> Information:
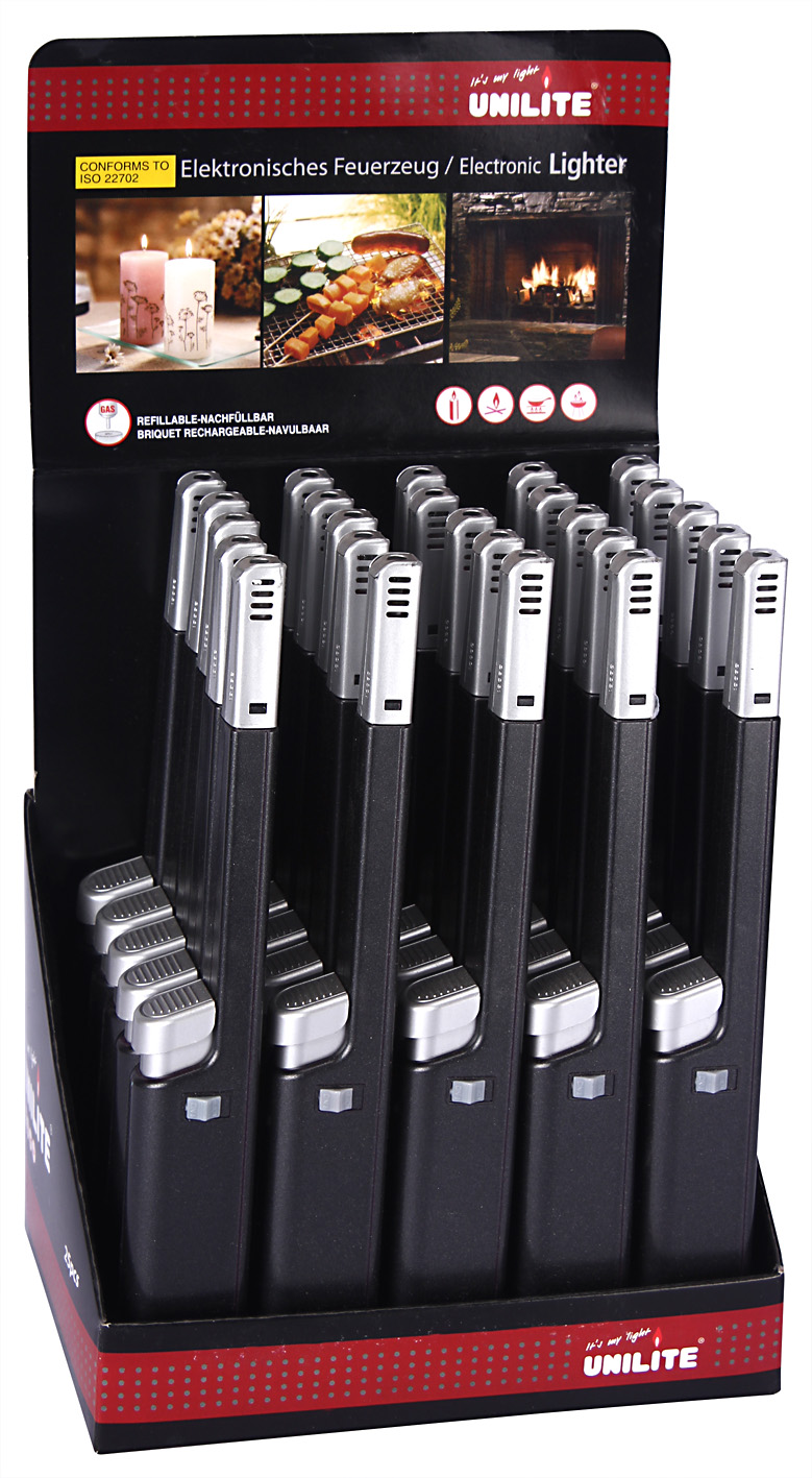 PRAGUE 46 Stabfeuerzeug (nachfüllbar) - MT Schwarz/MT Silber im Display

...

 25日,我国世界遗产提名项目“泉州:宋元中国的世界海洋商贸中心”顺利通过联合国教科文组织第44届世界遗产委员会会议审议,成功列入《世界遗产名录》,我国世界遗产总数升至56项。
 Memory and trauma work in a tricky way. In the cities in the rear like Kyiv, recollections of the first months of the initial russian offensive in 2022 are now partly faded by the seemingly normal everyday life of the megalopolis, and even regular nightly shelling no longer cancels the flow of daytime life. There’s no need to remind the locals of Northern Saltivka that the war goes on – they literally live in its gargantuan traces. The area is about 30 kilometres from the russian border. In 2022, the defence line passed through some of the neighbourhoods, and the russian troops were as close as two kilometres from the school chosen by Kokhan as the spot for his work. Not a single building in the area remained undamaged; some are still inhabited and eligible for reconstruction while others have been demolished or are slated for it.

> Problem to work on: Reproduce word for word the material above, starting with the line that has "25日,我国世界遗产提名项目" and stopping after the line that has "Memory and trauma".

> Task response:
 25日,我国世界遗产提名项目“泉州:宋元中国的世界海洋商贸中心”顺利通过联合国教科文组织第44届世界遗产委员会会议审议,成功列入《世界遗产名录》,我国世界遗产总数升至56项。
 Memory and trauma work in a tricky way. In the cities in the rear like Kyiv, recollections of the first months of the initial russian offensive in 2022 are now partly faded by the seemingly normal everyday life of the megalopolis, and even regular nightly shelling no longer cancels the flow of daytime life. There’s no need to remind the locals of Northern Saltivka that the war goes on – they literally live in its gargantuan traces. The area is about 30 kilometres from the russian border. In 2022, the defence line passed through some of the neighbourhoods, and the russian troops were as close as two kilometres from the school chosen by Kokhan as the spot for his work. Not a single building in the area remained undamaged; some are still inhabited and eligible for reconstruction while others have been demolished or are slated for it.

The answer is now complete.